The proposed methodology follows a systematic and structured pipeline designed to ensure both robustness and reproducibility in intrusion detection. As illustrated in
Figure 1, the process begins with exploratory data analysis (EDA), where the datasets are examined to identify patterns, class imbalances, feature distributions, and potential anomalies. This step provides a critical foundation for understanding the underlying structure of the TON_IoT and CICIDS2017 datasets, which contain heterogeneous and large-scale traffic instances. Following EDA, a comprehensive preprocessing phase is performed to refine the data and prepare it for deep learning models. This includes handling missing values, normalizing numeric features, encoding categorical attributes, and applying class balancing techniques to mitigate skewness between normal and attack samples. After preprocessing, the refined dataset is fed into the modeling stage, which represents the core contribution of our work. Three hybrid deep learning architectures are explored: CNN-LSTM, CNN-GRU, and our proposed CNN-LSTM-GRU fusion model. The CNN-LSTM model leverages convolutional layers for spatial feature extraction followed by LSTM layers to capture long-term temporal dependencies, whereas the CNN-GRU model integrates GRU to efficiently handle shorter-term dependencies with reduced computational overhead. In contrast, the proposed CNN-LSTM-GRU architecture introduces a parallel feature extraction and fusion mechanism, where CNN, LSTM, and GRU operate concurrently on the same input space, thereby capturing complementary representations of spatial, long-term, and short-term patterns. The outputs of these branches are integrated through a dedicated fusion layer, allowing the model to achieve faster convergence and improved feature extraction efficiency compared to sequential hybrids. Finally, the evaluation stage measures the performance of each architecture using multiple metrics including accuracy, precision, recall, and F1-score, across both binary and multiclass classification tasks. This rigorous evaluation provides empirical evidence of the effectiveness of the proposed methodology, highlighting the superiority of the parallel CNN-LSTM-GRU model over traditional hybrid architectures and ensuring its applicability to real-world IoT and network intrusion scenarios.
3.2. CICIDS2017 Dataset
The CICIDS2017 dataset is a comprehensive benchmark for intrusion detection research, designed to closely resemble real-world traffic by incorporating both benign flows and a diverse set of contemporary cyberattacks. Collected over a five-day period in July 2017, it integrates naturalistic background traffic generated through the B-Profile system, which simulates realistic user behavior across multiple protocols (HTTP, HTTPS, FTP, SSH, and email). The dataset includes a wide range of attack scenarios such as brute force, DoS/DDoS, Heartbleed, infiltration, web-based threats, and botnets, executed in controlled yet realistic environments. Network flows were extracted using CICFlowMeter, providing over 80 detailed features per flow and ensuring precise labeling based on timestamps, IP addresses, ports, and protocols. Its richness lies in fulfilling critical dataset design criteria covering complete network configurations, traffic diversity, heterogeneity, interaction realism, and attack variety making it one of the most reliable and widely used benchmarks for evaluating intrusion detection systems.

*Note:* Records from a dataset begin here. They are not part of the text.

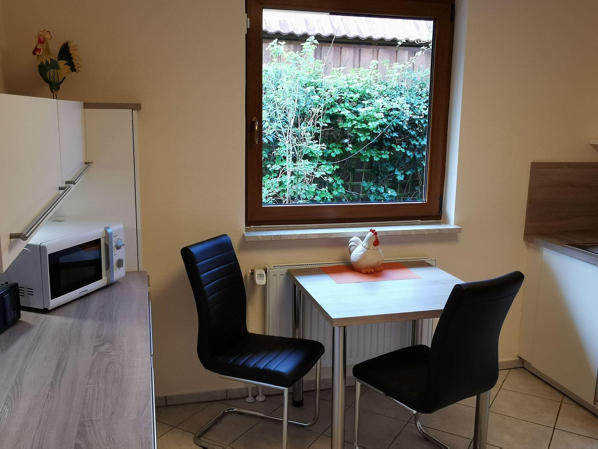 Weiter hinten links erwartet Sie unsere komplett ausgestattete Küche, in der Sie mit Kühl-/Gefrierkombination, Herd, Mikrowelle, Airfryer, Kaffeemaschine, Toaster und Wasserkocher alles vorfinden, was das Herz begehrt. Vom Flur aus gelangen Sie geradeaus in den gemütlichen Wohn- und Essbereich, der Sie direkt auf die sichtgeschützte Terrasse führt.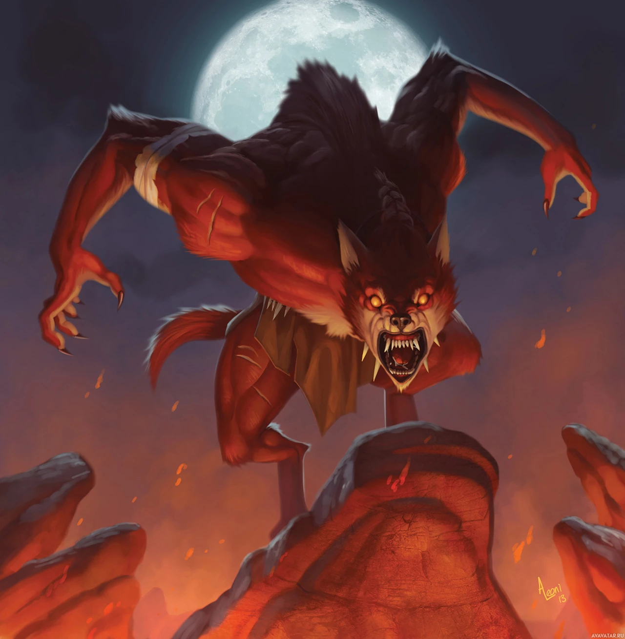 a fantasy scene with a werewolf character. The werewolf is in an aggressive pose, standing on its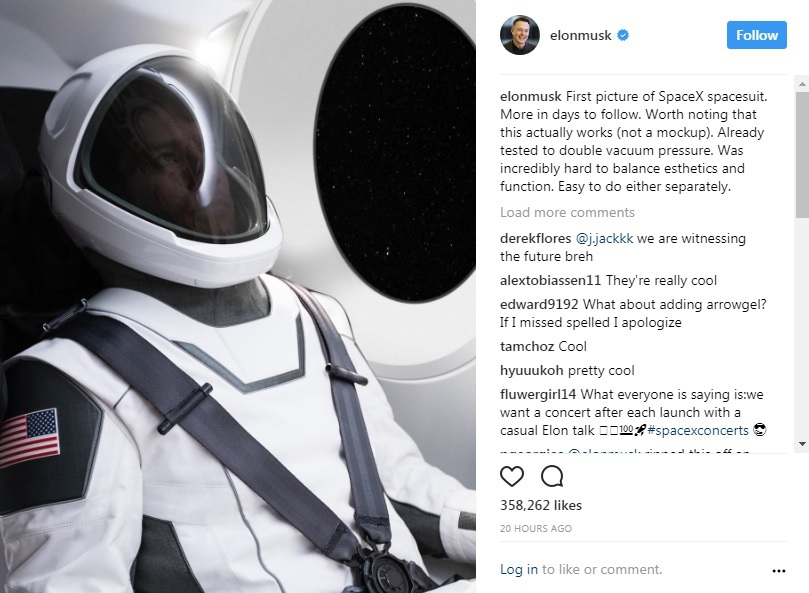 Costumul creat de Musk chiar funcţionează, acesta fiind testat într-o cameră cu dublă presiune. Costumul în sine este foarte alb şi foarte spaţios, iar Musk recunoaşte că a fost „incredibil de greu” să echilibreze aspectul costumului cu abilităţile sale menite să îi ajute pe astronauţi.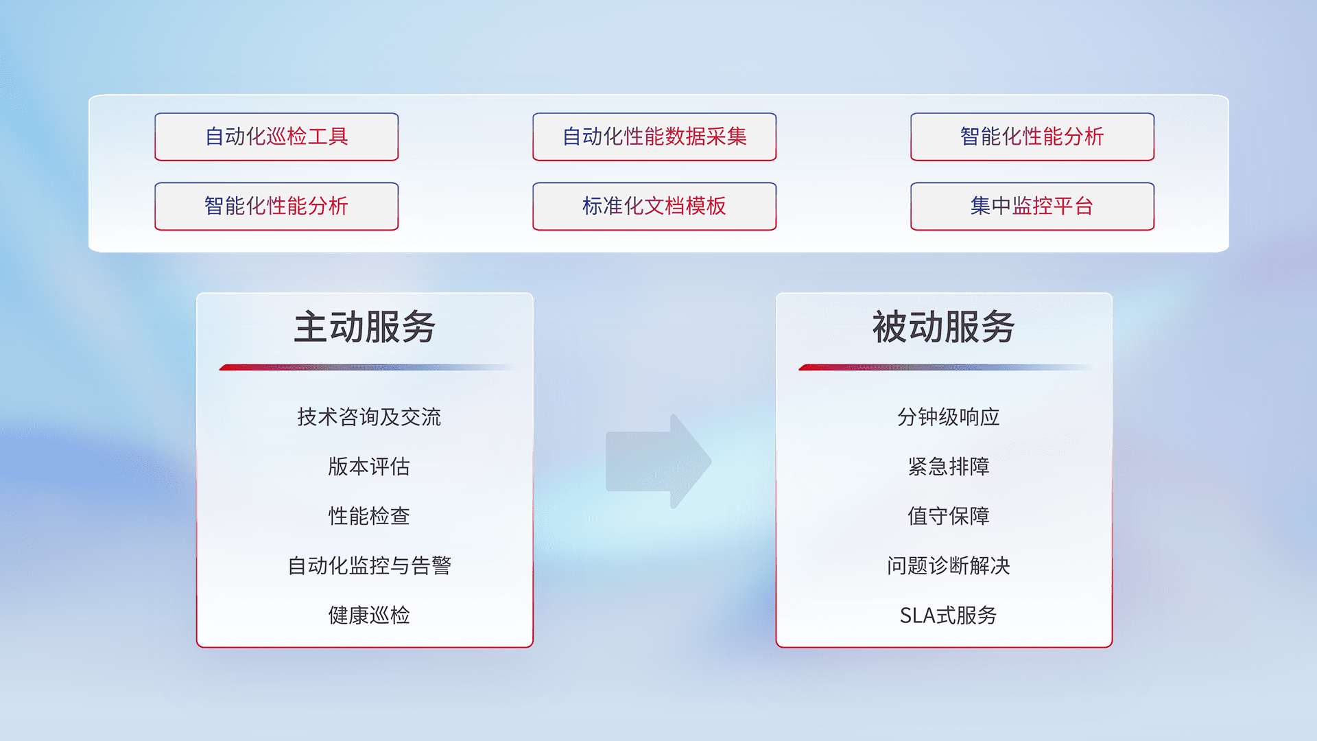智能化工具和标准化文档,,,,保障服务质量,,提供主动服务(包含技术咨询、、、、版本评估、、、性能检查、、、自动化监控与告警、、健康巡检)和被动服务包含(分钟级响应、、、紧急排障、、、、值守保障、、问题诊断解决、、、、SLA服务)。。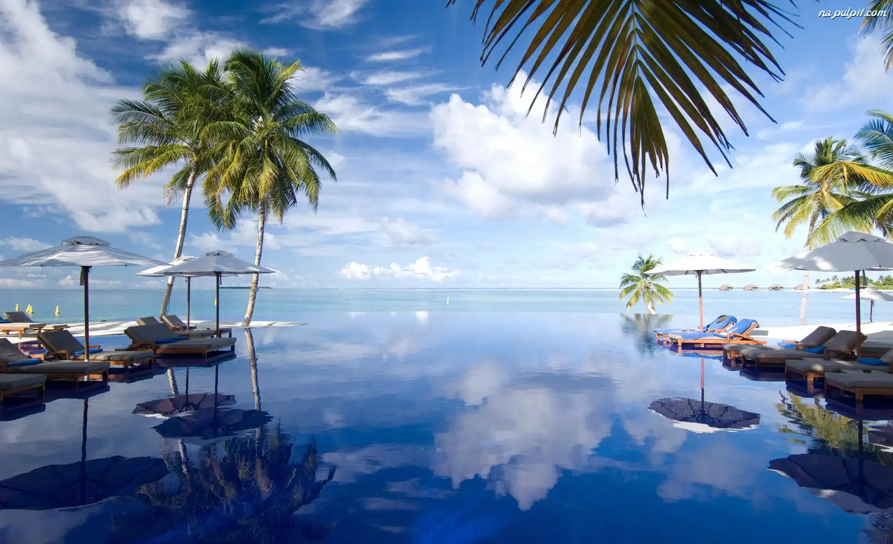 Malediwy, Parasole, Morze, Palmy Na Pulpit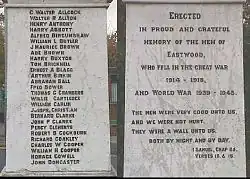 Eastwood coal, metal castings, rope, wire and agricultural products made valuable contributions to Britain's war effort during the two world wars. In the Second World War, Eastwood supplied soldiers to the Sherwood Foresters Regiment. A memorial on Nottingham Road commemorates Eastwood residents who gave their lives in both world wars.[7]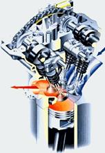 Рис. 2.10. Верхнее расположение клапанов, верхнее положение 2 распредвалов (2ОHC)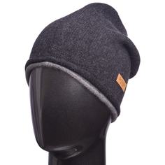 Трикотажный материал, вязаные края в рубчик, нашивка с логотипом сбоку и подвернутые поля.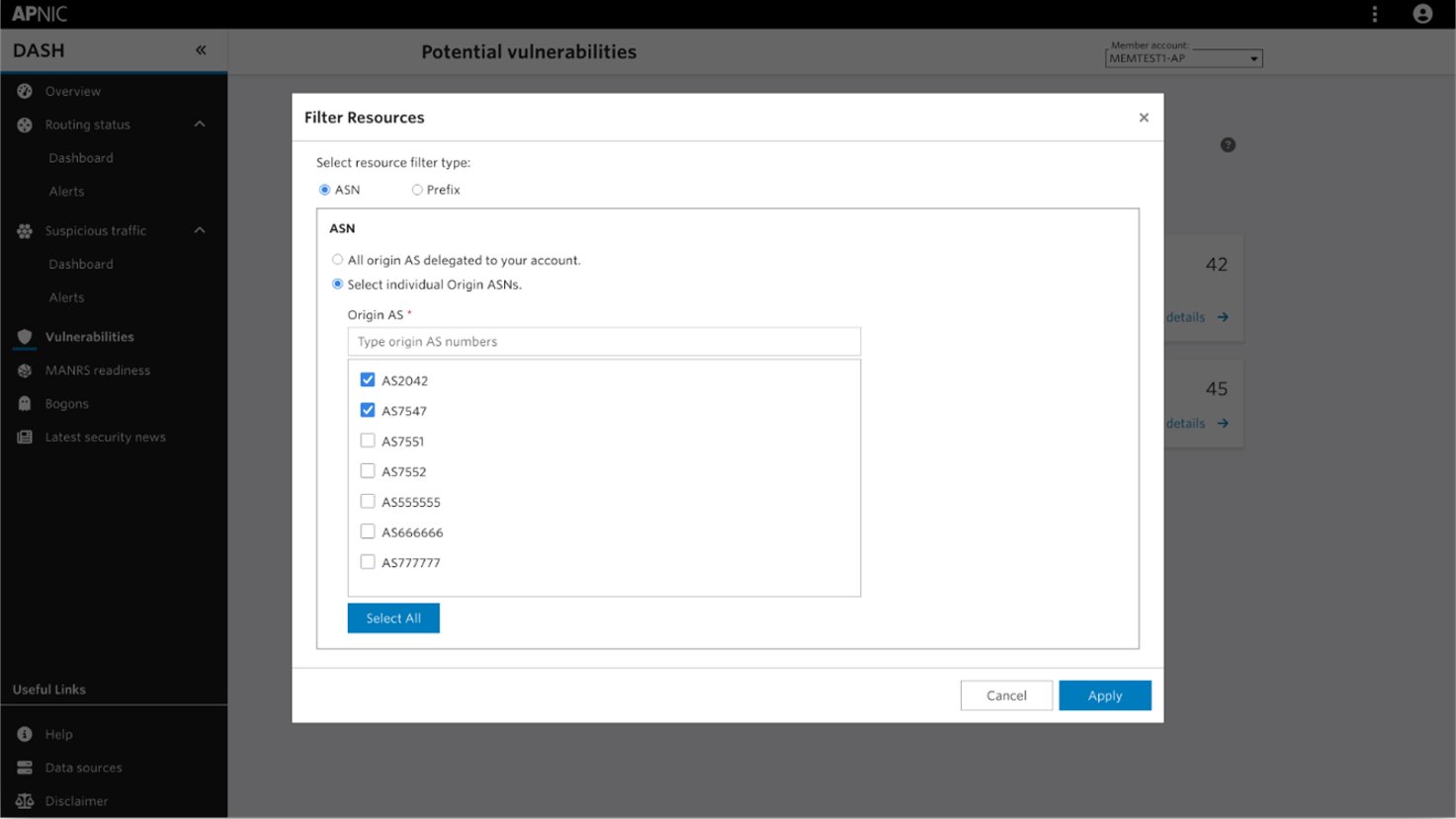 The interface supports filtering by Autonomous System Number (ASN) or prefix, which allows Members to focus on the portions of their network they directly manage. Issues can be dismissed individually or by category, helping operators maintain a clear and relevant dashboard view.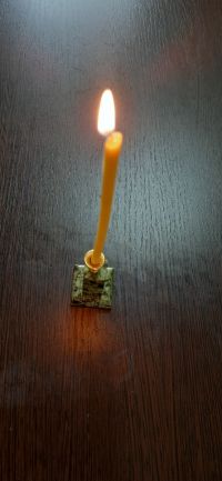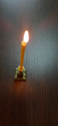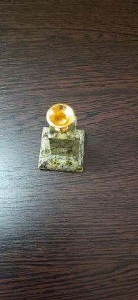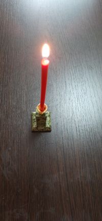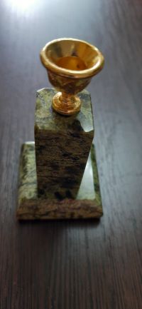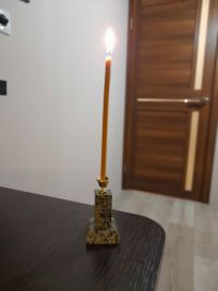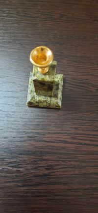 Красивый подсвечник из змеевика. Аккуратная сборка и качественная шлифовка камня. Тяжелый, устойчивый, не низкий, не высокий, а очень удачных габаритов. Единственный недостаток - маленькое отверстие под свечу. На мой взгляд оптимальный размер - 10мм, а не 0.7 мм, т.к. в такое отверстие встанет любая церковная свеча.не очень большой размер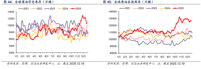 截至2025年12月19日当周,全球原油水上库存(包括在途和浮仓)为13.74亿桶,较上周-93.4万桶(-0.07%)。其中,全球原油浮仓库存为10627.8万桶,较上周-1693.4万桶(-15.93%);全球原油在途库存为12.68亿桶,较上周+1600万桶(+1.26%)。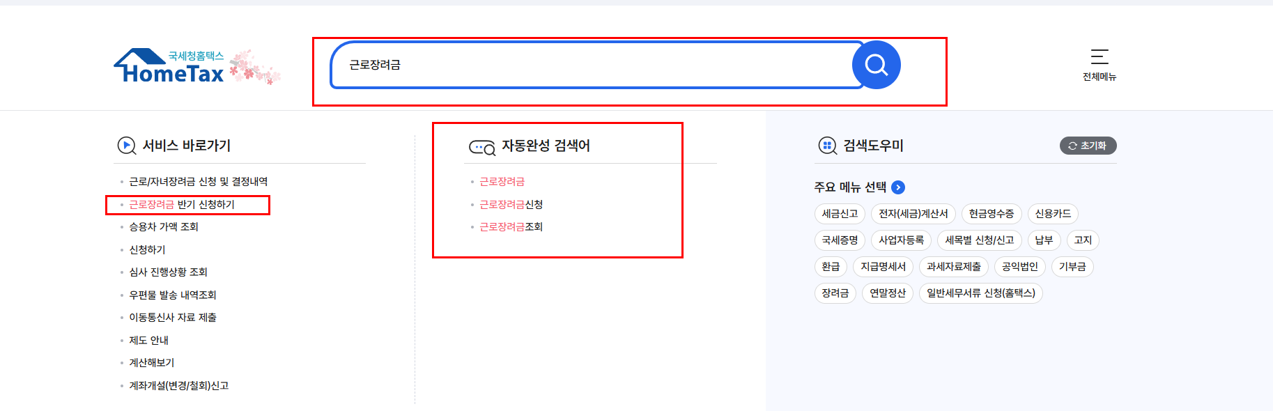 2. 검색창에 근로 장려금 입력!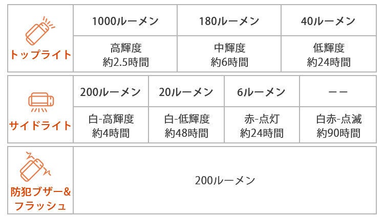 フル充電で使用できる、連続点灯時間は上記のとおり。サイドライトの白光低輝度モードが一番長く、最大48時間(丸2日間!)の連続点灯が可能。災害時でも安心することができます。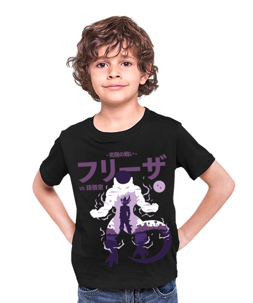 Diseño de la camiseta inspirada en Dragón Ball Z, con una épica batalla entre Freezer y el Super Saiyajin legendario, el cual aparecía cada 1.000 años y tenía más poder que un Saiyajin normal.

3.3. Exploratory Data Analysis and Preprocessing
In order to prepare the datasets for robust training and evaluation, a rigorous process of exploratory data analysis (EDA) and preprocessing was conducted on both TON_IoT and CICIDS2017. The TON_IoT dataset initially consisted of 225,745 rows and 79 features, employed for binary classification with the label distribution heavily skewed, containing approximately 300,000 normal instances (label 0) and 161,043 attack instances (label 1). This imbalance is illustrated in
Figure 2, where the prevalence of benign samples significantly outweighs attack records. To mitigate this imbalance, we applied an undersampling strategy, randomly sampling 50,000 records from each class to create a balanced dataset of 100,000 instances, as shown in
Figure 3. Following this, features were explicitly typed into categorical and numerical groups, missing values were imputed using median or most frequent strategies, and categorical attributes were transformed via one-hot encoding while numerical ones were standardized using z-score normalization. Stratified train–validation–test splits ensured preservation of label proportions across subsets, while undersampling was applied only to the training set to prevent data leakage.
In the case of the ToN-IoT dataset, which originally contains nine different attack categories along with normal traffic, one of the major challenges lies in the severe class imbalance problem. As illustrated in
Figure 4, the distribution of attack classes before balancing shows that normal traffic instances dominate the dataset with nearly 300,000 samples, while the different attack types such as scanning, DoS, DDoS, injection, password, XSS, ransomware, backdoor, and MITM attacks are significantly underrepresented, each with far fewer instances. This imbalance can bias the training process, causing the model to prioritize majority classes while ignoring minority but equally critical classes, leading to reduced detection capability for rare but severe attack scenarios. To overcome this limitation and ensure fair learning across all classes, we applied a downsampling strategy that equalized the class distribution. After balancing, as depicted in
Figure 5, each class, including the normal traffic and all nine attack categories, was adjusted to approximately 10,000 samples, resulting in a balanced dataset for multiclass classification. This preprocessing step ensures that the proposed hybrid deep learning architecture can learn representative patterns across all attack types, enhancing its generalization and detection accuracy. By balancing the dataset, we eliminated bias toward majority classes and created a more robust foundation for evaluating the effectiveness of the CNN-LSTM-GRU model in detecting diverse IoT cyber threats.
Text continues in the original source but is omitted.